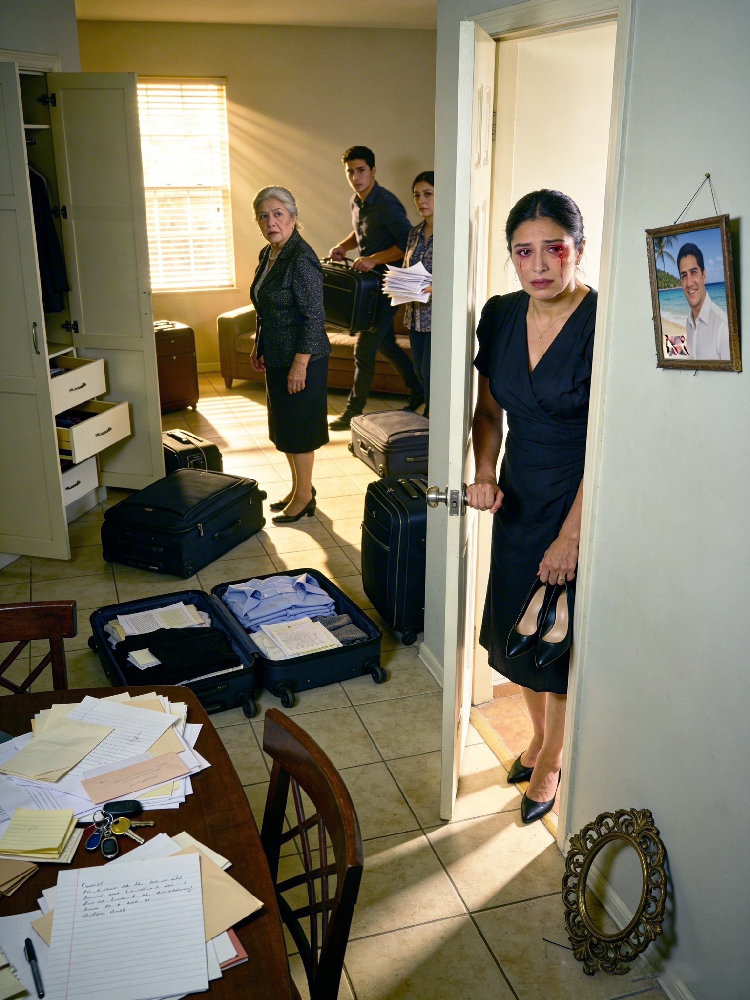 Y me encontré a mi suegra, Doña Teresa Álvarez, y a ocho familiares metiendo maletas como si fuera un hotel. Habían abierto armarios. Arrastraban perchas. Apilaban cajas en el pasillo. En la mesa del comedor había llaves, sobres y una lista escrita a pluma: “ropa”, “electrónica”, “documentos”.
* * *
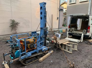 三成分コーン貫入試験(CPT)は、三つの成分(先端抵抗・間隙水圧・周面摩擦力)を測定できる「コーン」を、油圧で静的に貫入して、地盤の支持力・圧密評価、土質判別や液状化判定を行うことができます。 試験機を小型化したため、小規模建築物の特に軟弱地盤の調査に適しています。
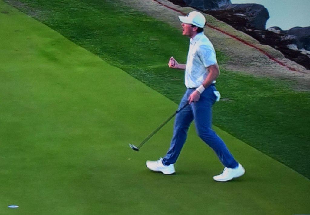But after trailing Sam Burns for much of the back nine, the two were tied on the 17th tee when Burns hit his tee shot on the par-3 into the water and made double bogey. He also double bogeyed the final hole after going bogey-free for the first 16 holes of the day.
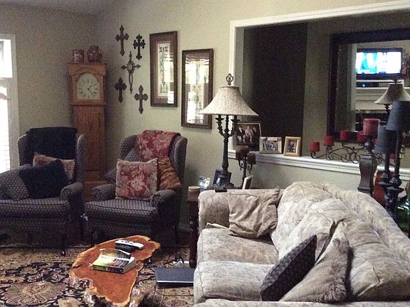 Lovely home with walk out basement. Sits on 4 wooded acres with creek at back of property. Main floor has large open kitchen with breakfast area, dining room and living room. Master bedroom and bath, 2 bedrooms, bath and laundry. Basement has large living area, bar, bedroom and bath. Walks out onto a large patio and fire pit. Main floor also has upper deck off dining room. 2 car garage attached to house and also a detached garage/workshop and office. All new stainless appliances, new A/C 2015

**EXERCISE:** In the listing above, find the line with "三成分コーン貫入試験(CPT" and the line with "Lovely home with". Copy exactly those two and every line between, without the pictures.

**WRITTEN RESPONSE:**
 三成分コーン貫入試験(CPT)は、三つの成分(先端抵抗・間隙水圧・周面摩擦力)を測定できる「コーン」を、油圧で静的に貫入して、地盤の支持力・圧密評価、土質判別や液状化判定を行うことができます。 試験機を小型化したため、小規模建築物の特に軟弱地盤の調査に適しています。
But after trailing Sam Burns for much of the back nine, the two were tied on the 17th tee when Burns hit his tee shot on the par-3 into the water and made double bogey. He also double bogeyed the final hole after going bogey-free for the first 16 holes of the day.
 Lovely home with walk out basement. Sits on 4 wooded acres with creek at back of property. Main floor has large open kitchen with breakfast area, dining room and living room. Master bedroom and bath, 2 bedrooms, bath and laundry. Basement has large living area, bar, bedroom and bath. Walks out onto a large patio and fire pit. Main floor also has upper deck off dining room. 2 car garage attached to house and also a detached garage/workshop and office. All new stainless appliances, new A/C 2015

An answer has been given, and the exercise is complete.